My 94 Sentra failed a smog test. I tuned it up, replaced the fuel filter and CAT, cleaned the injectors and still fails. The NOX is too high at 15 mph. Any suggestions?


----------



## notoriousbob (Aug 7, 2006)

VonRipon said:


> My 94 Sentra failed a smog test. I tuned it up, replaced the fuel filter and CAT, cleaned the injectors and still fails. The NOX is too high at 15 mph. Any suggestions?

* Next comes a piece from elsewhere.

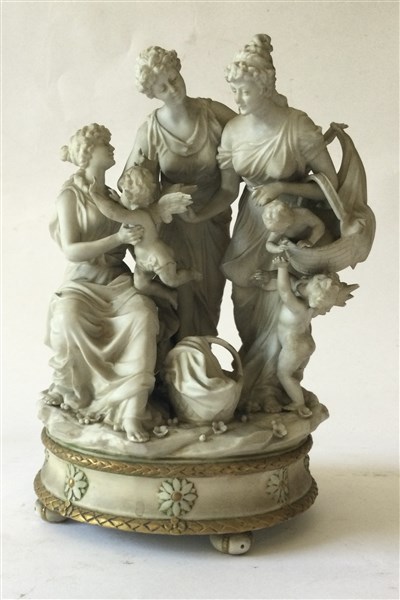Gruppo plastico in biscuit con base parzialmente dipinta raffigurante "tre Grazie con amorini" (h cm 28 ) (difetti e mancanze)
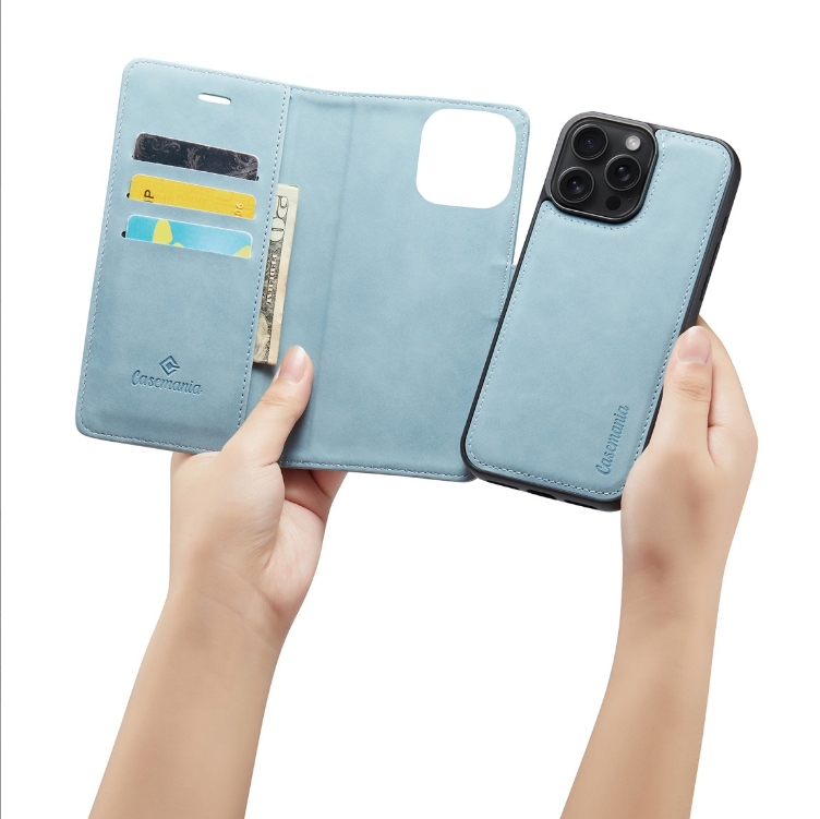 Casemania – Bookcase iPhone 16 Pro – 2 in 1 – Licht Blauw

Gap your plugs. Sounds like they may be burning too hot? Too hot a burn is what causes NOX isnt it? Anyways, the plugs are usually suspect in most emissions problems.

-Bob


----------



## xXDynamosXx (Aug 29, 2006)

That or the O2 Sensor


----------



## sunnysentra (Jul 24, 2002)

replace the 02 sensor. Replace the cap and rotor. The ignition coil could be weak also, maybe try a new coil or a known good coil. new ones from Nissan are not cheap. 

Also, make sure the EGR is clean and working well. the BPT valve should be clean and free of carbon. Also, run the thing after the tuneup with BG TDR or 44K total deposit removal. its a can you dump into the tank. that removes all combustion chamber deposits. 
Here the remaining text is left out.